Quick Reference: Which Profile?¶
| I want to... | Profile | Key Knobs |
|---|---|---|
| General-purpose recall | BALANCED |
Default — no config needed |
| Find creative connections | EXPLORING |
topK=20 for broader discovery |
| Debug an error | DEBUGGING |
Negative valence filter auto-applied |
| Retrieve proven solutions | RECALLING |
Positive valence filter auto-applied |
| Make a critical decision | CRITICAL |
Importance-dominated scoring |
| Deep-dive one topic | HYPERFOCUS |
hyperfocusMask required |
| Cross-domain brainstorm | DIVERGENT |
lateralMode=true auto-applied |
| Retain encyclopedic detail | SYSTEMATIZER |
Pins source episodes during consolidation |
| Hunt for threats | PARANOID_SENTINEL |
Negative-only valence + threat alignment |
| Execute tasks precisely | THE_EXECUTOR |
Heaviside Cliff + no lateral retrieval |
| Catch subtle signals | HIGHLY_SENSITIVE |
Lower flashbulb threshold |
| Surface deep knowledge | DEFAULT_MODE_NETWORK |
Skips Working + Episodic tiers |
Use Case 1: Personal Assistant — Daily Journaling¶
Scenario: A user journals daily. The assistant should remember preferences, recall emotional memories when appropriate, and let transient details fade naturally.
Ingestion¶
// Important life event — high arousal ensures slow decay
memory.remember("mem-wedding", "Married Sarah on June 15, 2024 at the beach",
MemoryType.EPISODIC, MemorySource.USER_STATED,
IngestionHints.builder()
.interest(1.0f).urgency(0.2f).challenge(0.1f)
.valence((byte) 120) // very positive
.arousal((byte) 200) // high arousal → extreme decay resistance
.build(),
"family", "wedding", "sarah");
// Transient detail — will naturally decay
memory.remember("mem-coffee", "User wanted oat milk latte at 3pm",
MemoryType.EPISODIC, MemorySource.OBSERVED,
"preference", "coffee");
// Permanent fact — pin it
memory.remember("mem-daughter-bday", "Daughter Emma's birthday is March 15",
MemoryType.SEMANTIC, MemorySource.USER_STATED,
"family", "emma", "birthday");
Recall: "Tell me about happy times"¶
Java API:
var results = memory.recall("happy family memories",
RecallOptions.builder()
.profile(CognitiveProfile.RECALLING) // positive valence only
.topK(10)
.synapticFilter("family")
.build());
MCP Tool:
{
"name": "memory_recall",
"arguments": {
"query": "happy family memories",
"profile": "RECALLING",
"top_k": 10,
"synaptic_filter": "family"
}
}
What happens: RECALLING filters to valence ≥ +10, so only positive memories surface. The wedding (valence=+120, high arousal) will score highest because importance × decay resistance is maximized. The coffee preference (low importance, no family tag) is invisible.
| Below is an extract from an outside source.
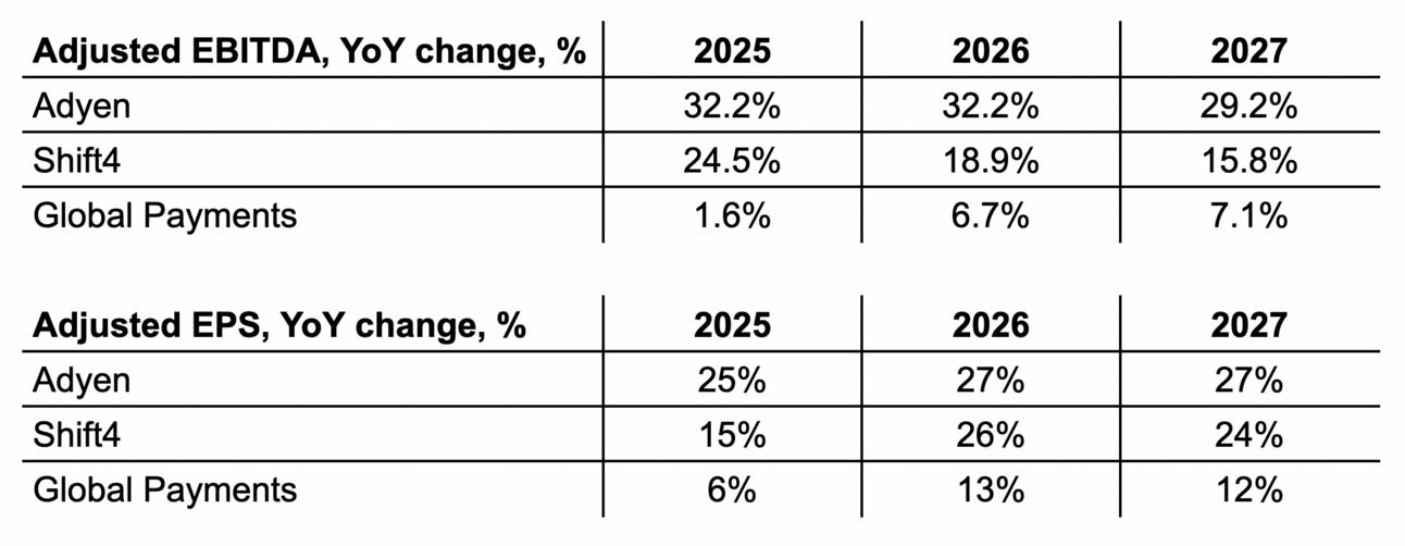 But if Shift4 looks (and grows) more like Adyen going forward, why does it trade at a lower multiple? And it looks like analysts don’t actually believe that Shift4 can deliver on their growth targets. Analysts expect Shift4's Adjusted EBITDA growth to fall to 15% in 2027. The same analysts don’t question Adyen’s ability to deliver on growth targets.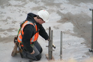 Ja, hier was ik gebleven, bij een van de schuine wanden aan de noordwestkant, waar altijd zoveel interesse bestaat voor wat er in die smalle ruimte tussen de bekistingen gebeurt… Met de neus er bovenop!

Use Case 2: Coding Agent — Debugging a Production Issue¶
Scenario: An AI coding agent encounters a database timeout. It needs to recall past failures, not past successes.
Java API:
var results = memory.recall("database connection timeout",
RecallOptions.builder()
.profile(CognitiveProfile.DEBUGGING)
.synapticFilter("database", "error")
.topK(5)
.build());
MCP Tool:
{
"name": "memory_recall",
"arguments": {
"query": "database connection timeout",
"profile": "DEBUGGING",
"synaptic_filter": "database,error",
"top_k": 5
}
}
What happens: DEBUGGING sets valence ≤ -10, so only negative-outcome memories surface. The Bloom filter pre-screens for database + error tags. Recent failures score higher (β=0.7 importance-dominated).
When the bug is fixed — reinforce the solution¶
Next time a similar timeout occurs, the fix memory has positive valence and will surface under RECALLING or BALANCED.
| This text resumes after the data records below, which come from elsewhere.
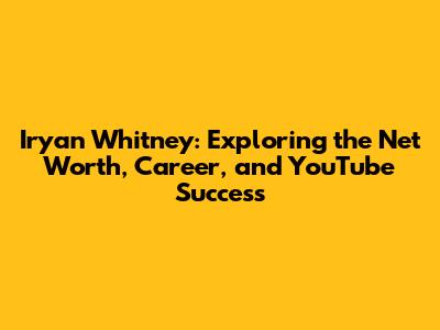 Iryan Whitney: Net Worth, Career & Success Story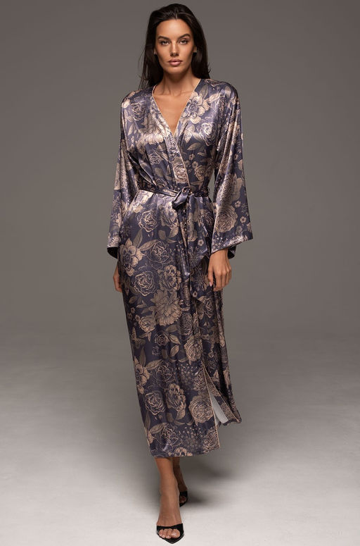Длинный запашной халат Mia-Amore выполнен из принтованного смесового полотна. Низ рукавов, планка бортов отделаны контрастным кантом. Халат запахивается на пояс, в боковых швах есть карманы.70% натуральный шелк, 25% полиэстер, 5% эластан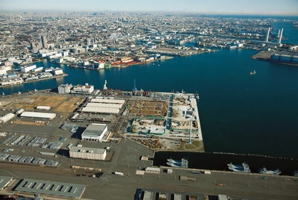 アメリカ軍が今も占領する港湾施設「ノースピア(横浜ノース・ドック)」。(時事通信フォト=写真)

Use Case 3: Security Auditor — Threat Hunting¶
Scenario: An SRE agent needs to surface only threats, vulnerabilities, and past incidents.
Java API:
MCP Tool:
{
"name": "memory_recall",
"arguments": {
"query": "deployment configuration",
"profile": "PARANOID_SENTINEL"
}
}
What happens: Only memories with negative valence surface. The query valence is set to -128 (maximum threat), triggering mood-congruent recall amplification. A BALANCED query for "deployment configuration" would return general docs — PARANOID_SENTINEL returns only the config-related incidents.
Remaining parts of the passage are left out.